**ACTIVITY**
The result should be the listing below, restated exactly, with its pictures left out.
== DATA SEGMENT ==
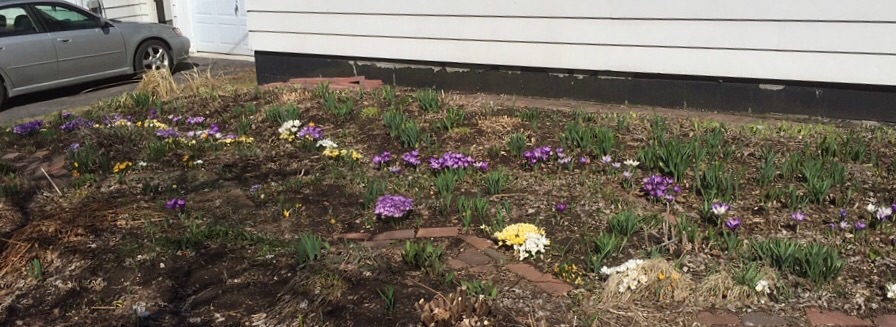 A happy post! My New Hampshire sister was bemoaning recent light snow, but I don’t understand her fuss: Spring sign there is less black earth, and more black flies. I’ll take the bulbs, minus the bugs.
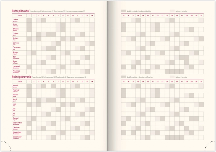 - Kalendarium: fra december 2025, ugentligt layout med tjekkisk, slovensk og andre sprog som engelsk, tysk, ungarsk og russisk.
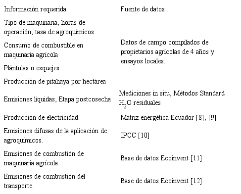 Para conocer las entradas y salidas de las diferentes etapas del proceso productivo se realizaron entrevistas al propietario y mediciones de los flujos durante un ciclo de cosecha. En esta sección se consideraron todos los insumos empleados por etapas, hasta la salida de la fruta lista para la comercialización.
===
**ANSWER BOX**
 A happy post! My New Hampshire sister was bemoaning recent light snow, but I don’t understand her fuss: Spring sign there is less black earth, and more black flies. I’ll take the bulbs, minus the bugs.
 - Kalendarium: fra december 2025, ugentligt layout med tjekkisk, slovensk og andre sprog som engelsk, tysk, ungarsk og russisk.
 Para conocer las entradas y salidas de las diferentes etapas del proceso productivo se realizaron entrevistas al propietario y mediciones de los flujos durante un ciclo de cosecha. En esta sección se consideraron todos los insumos empleados por etapas, hasta la salida de la fruta lista para la comercialización.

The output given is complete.